November 9, 2011

Smith moving on after first start

How long did Maxwell Smith celebrate beating Ole Miss in his first career start?

Just long enough to realize there was another opponent waiting.

"I gave it 24 hours to enjoy the win with the team, soak it up," he said. "After that, come into film the next day. My mindset is on Vanderbilt now."

Smith was known for being found in the film room late at night and often during the summer, when he had spare time. He didn't do as much extra work on his own earlier this fall, though, as he focused on class work.

That's changed, though, since becoming the starter.

"I'm definitely in the film room every day now," Smith said. "I have to be."

Smith still has a long way to go to be where offensive coordinator Randy Sanders wants him to be. Kentucky head coach Joker Phillips said the playbook won't greatly expand for Smith this week, though some new packages will be added to take advantages of weaknesses in Vanderbilt's defense.

"We ran 70-something plays (against Ole Miss) and he probably did exactly what he was supposed to maybe 15 of them," Sanders said. "The other 50 or so, we still have to work on. If he was really on point and knew what he was doing, he would have had a way bigger game."

That may sound like sharp criticism for a player who finished 19-36 for 283 yards and two touchdowns while leading the Wildcats to their first conference win, but it's also Sanders' way of coaching. Sanders pushed Smith to get ready in fall camp as his No. 2 quarterback even though he had no game experience.

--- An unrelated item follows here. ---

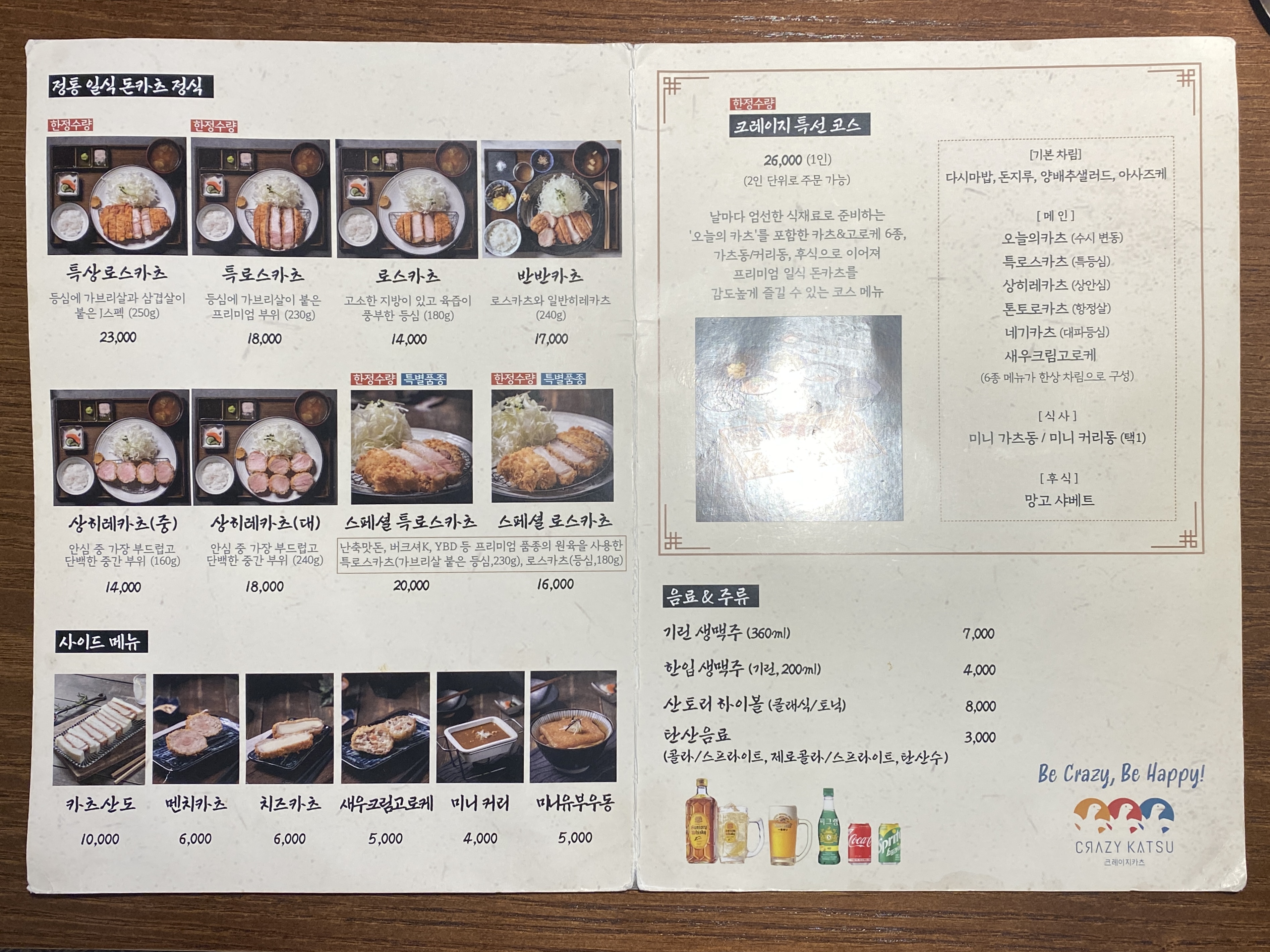 돈까스에 대한 고민과 열정을 느낄 수 있었던 크레이지카츠. 개인적으로는 특로스카츠와 항정살카츠 순으로 추천하고 싶다.

Smith uses Sanders' criticism as a way to improve.

"He gets humbled when he comes back in here," Phillips said. "Coach Sanders has done a good job of keeping him level-headed. It helps to have (graduate assistant) Andre Woodson around, because I'm sure Andre got a lot of pats on the back too."

He's had more opportunities to improve recently as well. As a second string quarterback, Smith would only take about 30 percent of snaps in practice. The other 70 percent were reserved for the first string, Sanders said. Now that he's the starter, he gets all those extra reps.

Because he's still a true freshman, 'potential' is a word that is used a lot when Smith is being discussed. But Sanders will be the first to tell you he's seen plenty of guys come and go during his career that left their potential unfulfilled.

"Arm talent is a great thing and it's one of the things you want as a quarterback coach," Sanders said. "It makes things much easier, but it doesn't guarantee success in itself. Max has arm talent, and we're trying to work on those other things to guarantee success."

For instance, arm talent doesn't help decision-making. That figures to be a point of emphasis this week as Smith prepares for the Commodores, who rank fifth in the country with 15 interceptions.

"They're causing a lot of havoc in the passing game for a lot of teams," Smith said.

Smith's mistakes on Saturday were relatively minor, Sanders said. That's fine for now, but he'll have to clean them up, particularly before facing a defense as opportunistic as Vanderbilt's.

"Quarterback is the one position on the field where you can play 75 of them right, screw two of them up and the team loses," Sanders said.